Material for this exercise section start

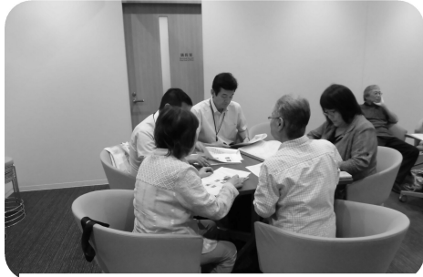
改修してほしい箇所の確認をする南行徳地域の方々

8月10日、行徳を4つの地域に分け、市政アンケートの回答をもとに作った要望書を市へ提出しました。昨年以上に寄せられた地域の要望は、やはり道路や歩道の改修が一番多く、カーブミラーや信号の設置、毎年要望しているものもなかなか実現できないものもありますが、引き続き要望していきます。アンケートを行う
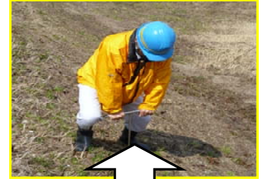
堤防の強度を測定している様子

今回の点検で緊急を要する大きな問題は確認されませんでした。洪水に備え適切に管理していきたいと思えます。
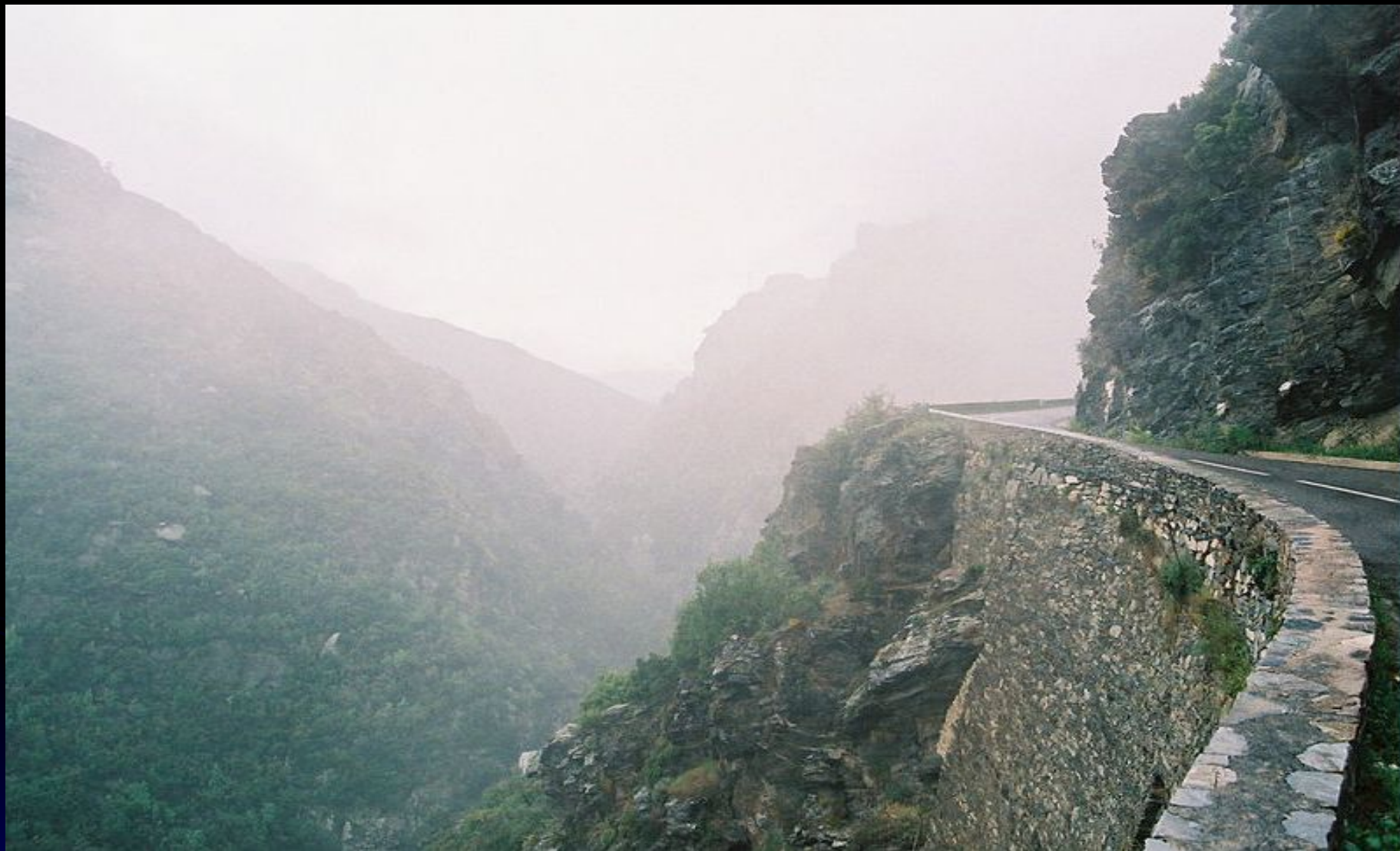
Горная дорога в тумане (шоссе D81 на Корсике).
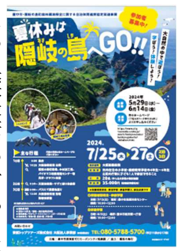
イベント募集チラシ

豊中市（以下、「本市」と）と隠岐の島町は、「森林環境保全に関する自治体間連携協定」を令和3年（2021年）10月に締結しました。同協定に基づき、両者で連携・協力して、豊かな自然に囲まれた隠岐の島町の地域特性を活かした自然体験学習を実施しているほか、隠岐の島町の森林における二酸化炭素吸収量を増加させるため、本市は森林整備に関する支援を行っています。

Material for this exercise section end
Material for this exercise section start

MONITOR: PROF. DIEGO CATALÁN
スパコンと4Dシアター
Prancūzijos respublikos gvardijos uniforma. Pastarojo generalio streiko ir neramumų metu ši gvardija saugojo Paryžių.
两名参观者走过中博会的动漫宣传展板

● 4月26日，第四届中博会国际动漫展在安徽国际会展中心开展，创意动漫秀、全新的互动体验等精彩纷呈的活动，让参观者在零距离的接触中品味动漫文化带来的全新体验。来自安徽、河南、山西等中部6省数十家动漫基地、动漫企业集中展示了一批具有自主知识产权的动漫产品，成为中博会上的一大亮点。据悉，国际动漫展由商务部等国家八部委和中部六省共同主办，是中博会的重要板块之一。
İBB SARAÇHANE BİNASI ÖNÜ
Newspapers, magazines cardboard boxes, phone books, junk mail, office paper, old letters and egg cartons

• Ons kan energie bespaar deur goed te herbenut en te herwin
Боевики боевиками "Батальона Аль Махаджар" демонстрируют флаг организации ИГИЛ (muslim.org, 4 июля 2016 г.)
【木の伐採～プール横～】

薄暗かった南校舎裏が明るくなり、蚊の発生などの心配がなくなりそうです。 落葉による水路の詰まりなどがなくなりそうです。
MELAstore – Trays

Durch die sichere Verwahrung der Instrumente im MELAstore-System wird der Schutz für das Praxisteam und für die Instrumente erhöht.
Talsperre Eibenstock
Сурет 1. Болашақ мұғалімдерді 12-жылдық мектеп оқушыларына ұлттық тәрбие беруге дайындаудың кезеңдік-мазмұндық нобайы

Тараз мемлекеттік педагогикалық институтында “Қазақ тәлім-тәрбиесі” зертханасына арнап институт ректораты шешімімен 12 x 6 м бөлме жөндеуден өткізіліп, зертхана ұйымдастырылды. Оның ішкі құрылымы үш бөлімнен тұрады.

Material for this exercise section end

(Assignment): The lines above, starting at the one with "MONITOR: PROF. DIEGO CATALÁN" and ending at the one with "июля 2016 г.)", are the only ones to return, exactly as written.

(Task result):
MONITOR: PROF. DIEGO CATALÁN
スパコンと4Dシアター
Prancūzijos respublikos gvardijos uniforma. Pastarojo generalio streiko ir neramumų metu ši gvardija saugojo Paryžių.
两名参观者走过中博会的动漫宣传展板

● 4月26日，第四届中博会国际动漫展在安徽国际会展中心开展，创意动漫秀、全新的互动体验等精彩纷呈的活动，让参观者在零距离的接触中品味动漫文化带来的全新体验。来自安徽、河南、山西等中部6省数十家动漫基地、动漫企业集中展示了一批具有自主知识产权的动漫产品，成为中博会上的一大亮点。据悉，国际动漫展由商务部等国家八部委和中部六省共同主办，是中博会的重要板块之一。
İBB SARAÇHANE BİNASI ÖNÜ
Newspapers, magazines cardboard boxes, phone books, junk mail, office paper, old letters and egg cartons

• Ons kan energie bespaar deur goed te herbenut en te herwin
Боевики боевиками "Батальона Аль Махаджар" демонстрируют флаг организации ИГИЛ (muslim.org, 4 июля 2016 г.)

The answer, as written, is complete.